For the first time, braille is now available in Mi’kmaw


For the first time in Canada, braille is now available in an Indigenous language.

Christine Muise is currently coding a Grad 7 textbook for blind English speakers at the Atlantic Provinces Special Education Authority in Halifax.

“There’s a lot of cases where someone only speaks an Indigenous language in which case they would not have had an opportunity to learn braille,” said Muise.

Muise said her work started after the announcement that there are 215 suspected unmarked graves on the site of the former Kamloops Indian Residential School and that there are no Indigenous languages in Canada.

“I was touched by it, it upset me, it maddened me and I don’t know I honestly thought there wasn’t much someone like me could do from here,” she said.

“But I did hope there would be a resurgence in people wanting to regain their culture and their language and I just knew if one of them was blind and didn’t speak English of French, then they were pretty much out of luck.”

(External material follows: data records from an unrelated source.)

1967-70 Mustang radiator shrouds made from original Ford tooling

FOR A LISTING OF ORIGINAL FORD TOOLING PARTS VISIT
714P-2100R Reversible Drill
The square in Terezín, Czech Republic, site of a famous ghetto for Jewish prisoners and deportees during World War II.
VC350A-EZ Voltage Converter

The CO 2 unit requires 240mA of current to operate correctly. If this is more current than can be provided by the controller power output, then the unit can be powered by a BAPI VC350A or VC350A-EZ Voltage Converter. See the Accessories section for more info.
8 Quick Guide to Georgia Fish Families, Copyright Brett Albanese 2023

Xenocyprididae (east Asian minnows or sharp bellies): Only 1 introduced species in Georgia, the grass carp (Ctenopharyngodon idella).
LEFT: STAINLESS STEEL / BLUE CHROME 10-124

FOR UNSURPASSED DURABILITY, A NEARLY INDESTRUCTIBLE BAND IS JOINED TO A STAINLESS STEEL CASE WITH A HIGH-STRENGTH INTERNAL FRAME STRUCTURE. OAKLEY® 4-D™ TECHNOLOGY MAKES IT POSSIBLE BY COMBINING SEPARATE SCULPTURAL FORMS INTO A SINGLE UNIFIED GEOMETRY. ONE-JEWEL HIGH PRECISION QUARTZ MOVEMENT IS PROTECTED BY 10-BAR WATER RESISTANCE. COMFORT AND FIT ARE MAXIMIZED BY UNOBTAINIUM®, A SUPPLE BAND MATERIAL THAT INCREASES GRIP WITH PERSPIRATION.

Muise said she consulted with the Mi’kmaw community including linguist Bernie Francis of Membertou First Nation.

Francis said braille will help preserve the Mi’kmaw language.

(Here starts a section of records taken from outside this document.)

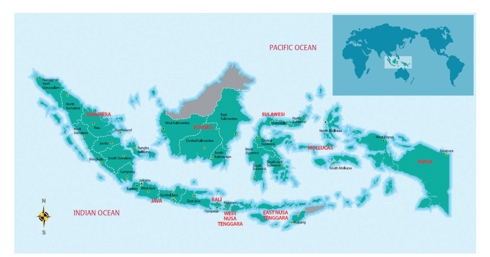
Fig. 1 Island groups that make up the country of Indonesia, with Papua to the east.

Papua – the western half of the island of New Guinea, and part of Indonesia (Fig. 1) – lies just south of the equator. It is the largest island in Indonesia (area of 41.48 million ha), with the lowest population in comparison to other islands of Indonesia. The province is dominated by tropical rainforest and, apart from at its highest elevations, the climate is hot and humid year-round.
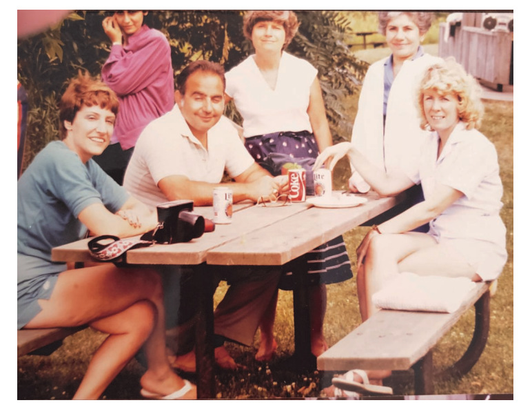
Answer hidden somewhere in this newsletter. ED.
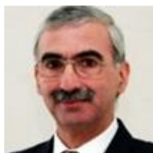
Dr. Jean-François KAHN (FRA)
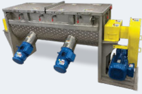
Heating & Cooling

Robust construction with a proven designs to deliver superior, uniform mixing and blending. Batch, continuous, ribbon, paddle and custom agitator mixing designs are available.
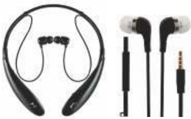
Headphones & Earphones
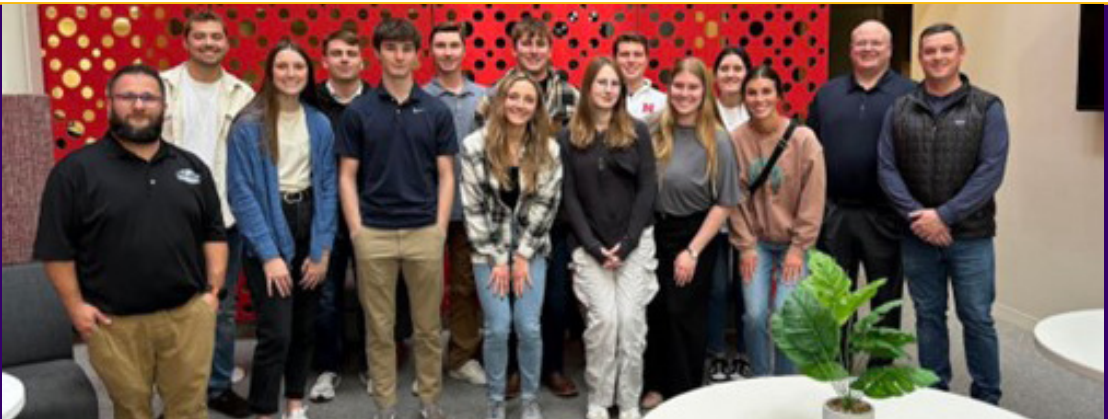
NEBRASKA-OMAHA toured Scooter's Harvest Roasting Facility, learned how the machines are speeding up roasting efficiency and how the products move from facility to store location.
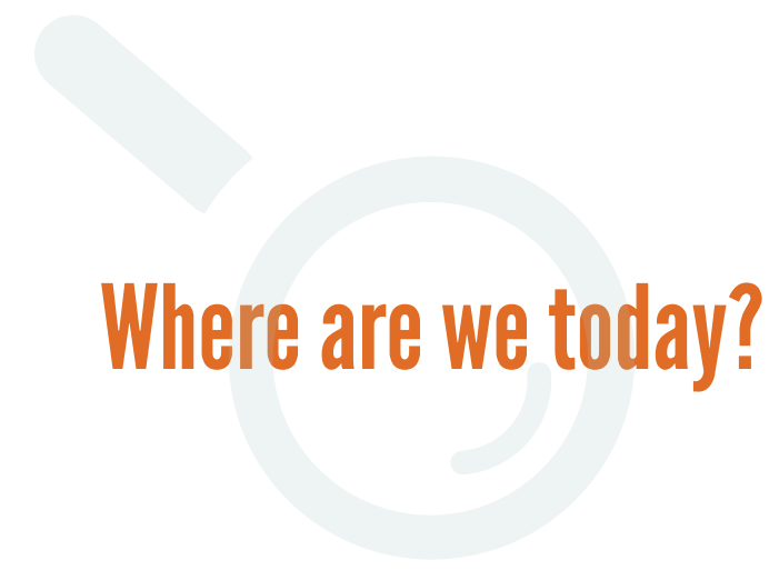
Cumberland County: 3rd Grade Reading Proficiency

2021 Benchmark: 61% of children read proficiently at the end of 3rd grade
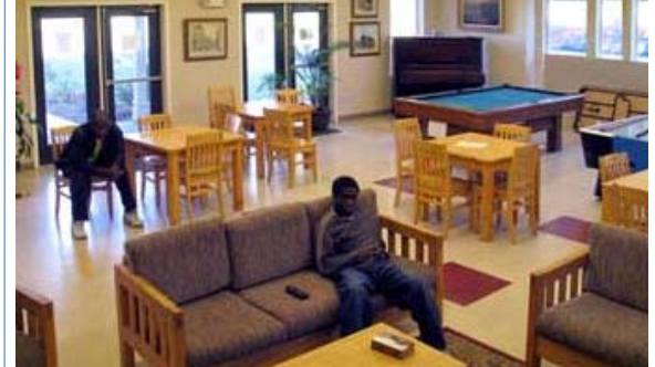
McCreesh Place Community Room

A call for a public hearing on the 2009-2010 Operating Budgets for the Authority to be held on February 17, 2009 was authorized.
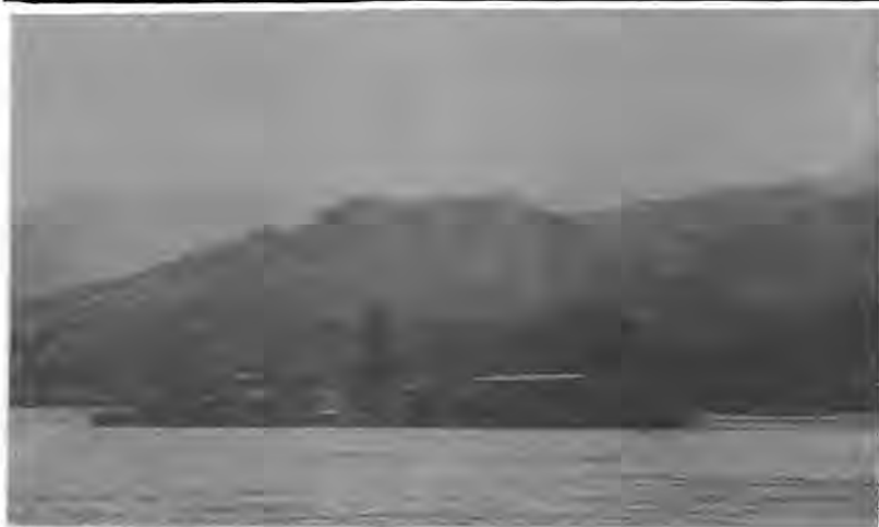
Drilling in the river.
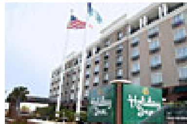
Holiday Inn Charleston (Historic District) Room rate approx. $150.00 125 Calhoun Street Charleston, SC (843) 805-7900

Contact BERCHTOLD Corporation Technical Service for additional information about lodging and availabilities.
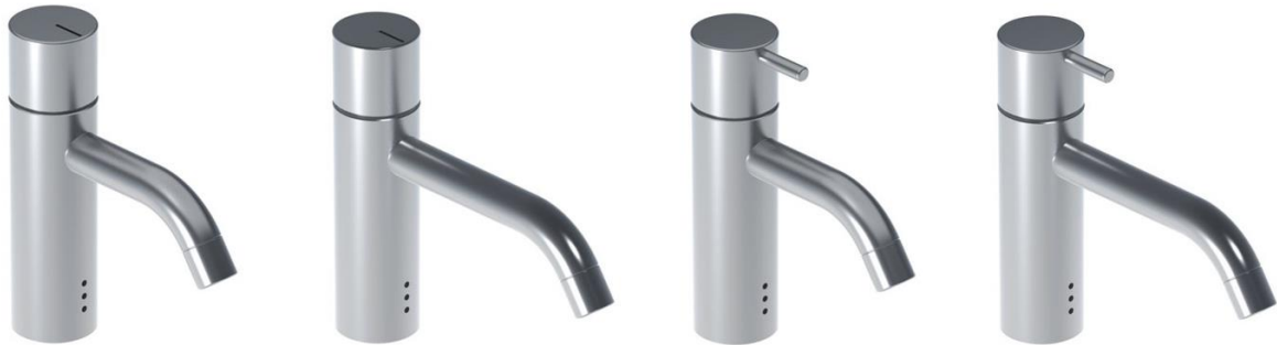
Figure 1: HV1E & HV1EN, HV1E/150 & HV1EN/150, HV1E2 & HV1EN2, and HV1E2/150
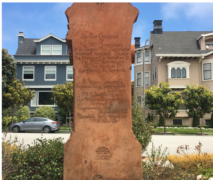
Cross stones, like the one pictured here outside of St. Gregory's Church in San Francisco, are a prevalent Christian symbol throughout Artsakh and Armenia. During the Karabakh War of 2020, hundreds of these stones were destroyed by Turkish-paid mercenaries and Azerbaijani troops, a destructive campaign that continues to this day.

Many Armenian Christians sought to rebuild their lives in other countries in the region, while others fled to Western countries hoping to escape the influence of Ottoman ideology altogether.
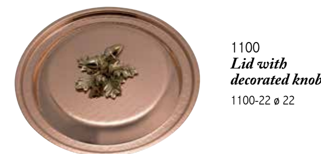
1100 Lid with decorated knob 1100-22 ø 22
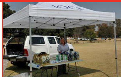
Our sponsors Afgri JOCK dog food.

“It’s a great thing because it wasn’t that long ago that we didn’t have a writing system which adequately represents the sounds in the Mi’kmaw language,” said Francis. “So that fact that we are already into braille, is really a bonus for us.”

Muise has been a certified braille transcriber for the past 15 years and earned the Louis Award from the American Printing House for the Blind.

Mi’kmaw now joins Navajo as the only other Indigenous language coded into braille.